The rest of their presentation is a lengthy and technical discussion of the genetics of selection for IQ, indirect evidence linking elevated Jewish IQ with a variety of genetically based diseases found among Ashkenazim, and evidence that most of these selection effects have occurred within the last 1,200 years."

In terms of East Asian math/science performance, Seligman notes they tend to perform above average on the non-verbal component of psychometric tests which is consistent with the math/science performance:

"Severely compressed, his explanation goes about like this: Some sixty thousand years ago, when the lee Age descended on the Northern Hemisphere, the Mongoloid populations faced uniquely hostile "selection pressure" for greater intelligence. Northeast Asia during the Ice Age was the coldest part of the world inhabited by man. Survival required major advances in hunting skills.
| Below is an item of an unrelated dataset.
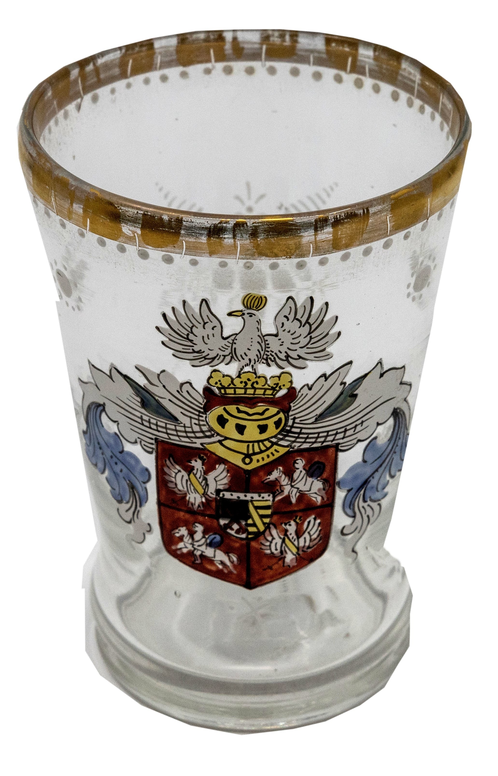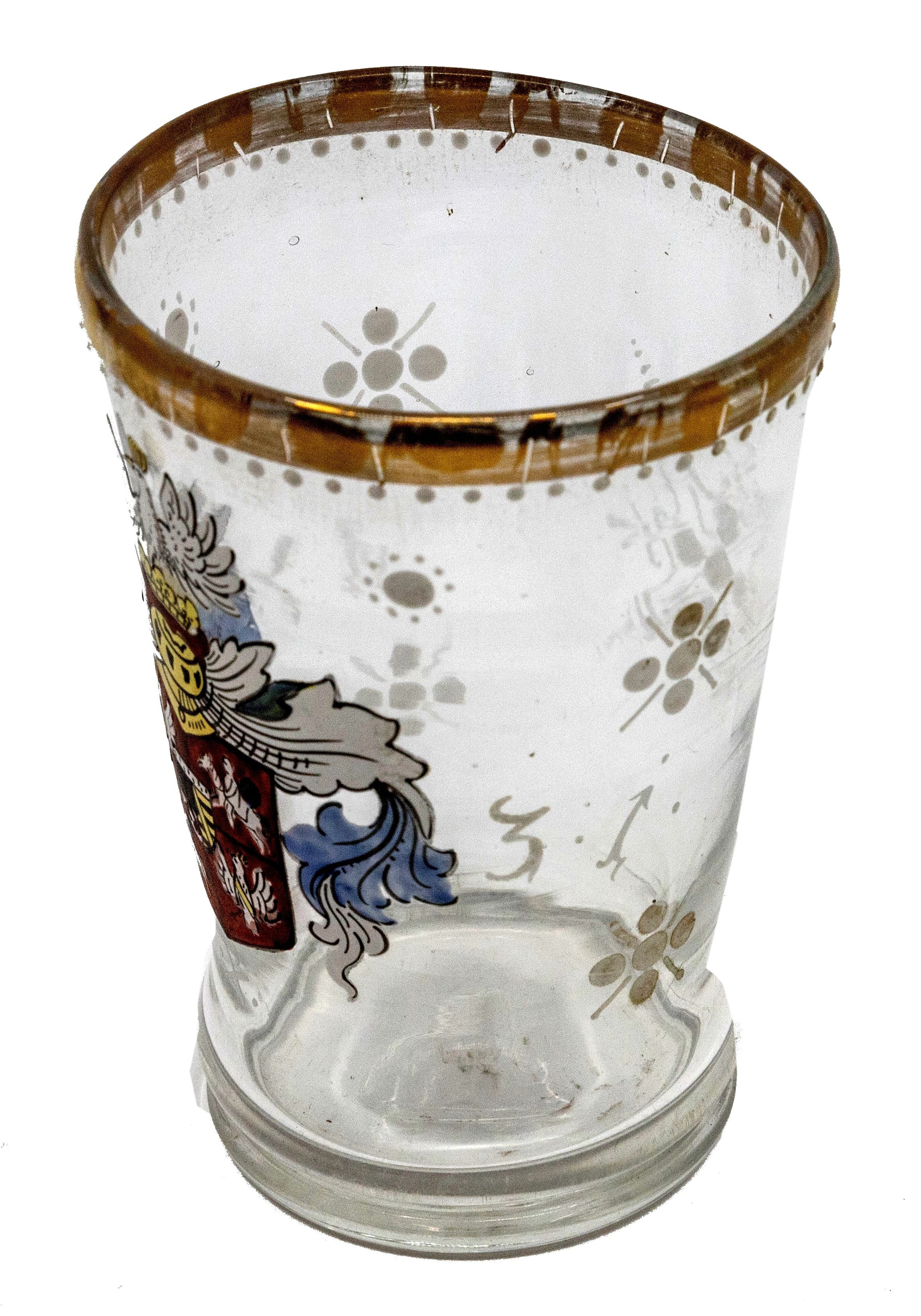 Stiklas, emalis, auksavimas. Matmenys: aukštis – 10,5 cm.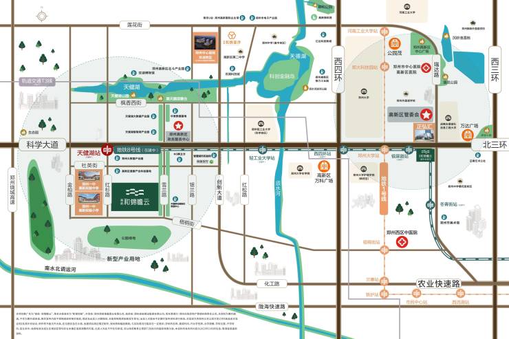 本项目推广名为“高新·和锦瞻云”,地名办核准名为“和锦知苑”,开发商:郑州郑高锦鑫置业有限公司,投资商:郑州高新建设集团有限公司,受托管理方:郑州信筑房地产管理有限责任公司。本资料为要约邀请,不作为要约或承诺。相关宣传内容不排除因政府相关规划、规定及出卖人分期规划、未能控制等原因而发生变化;出卖人可能会不定期对宣传资料进行修改。买卖双方的权利义务以双方签订的《商品房买卖合同》及其补充协议、附件等书面文件为准。区位图仅旨在示意,依据项目周边情况制作,受材质和幅面限制,与实际情况可能存在一定差异;学校的名称、建成时间、开办学性质、办学规模、学校位置、开学时间、招生条件、收费标准及招生区域划定等均存在未确定或者调整的可能,出卖人对此不作任何承诺,须以政府教育主管部门及校方的最新政策为准。本宣传资料所涉及的户型仅供示意参考,其装修、家具、陈设等非交付标准,不属于交付范围。不同户型的面积尺寸、功能布局、空间分割、门窗/管井形态位置等均有不同。相同户型因楼栋、楼层、单元等差别,局部结构、面积等也可能不同,有消防要求的房间则按消防要求设置门窗,具体以政府部门最终审定的图纸和销售合同为准。本资料所发布的内容为2023年10月的信息,敬请留意最新资料。

Lynn's 1987 paper refers to "the ability to isolate slight variations in visual stimulation from a relatively featureless landscape, such as the movement of a white Arctic hare against a background of snow and ice; to recall visual landmarks on long hunting expeditions away from home and to develop a good spatial map of an extensive terrain." These, Lynn believes, were the pressures that ultimately produced the world's best visuospatial abilities."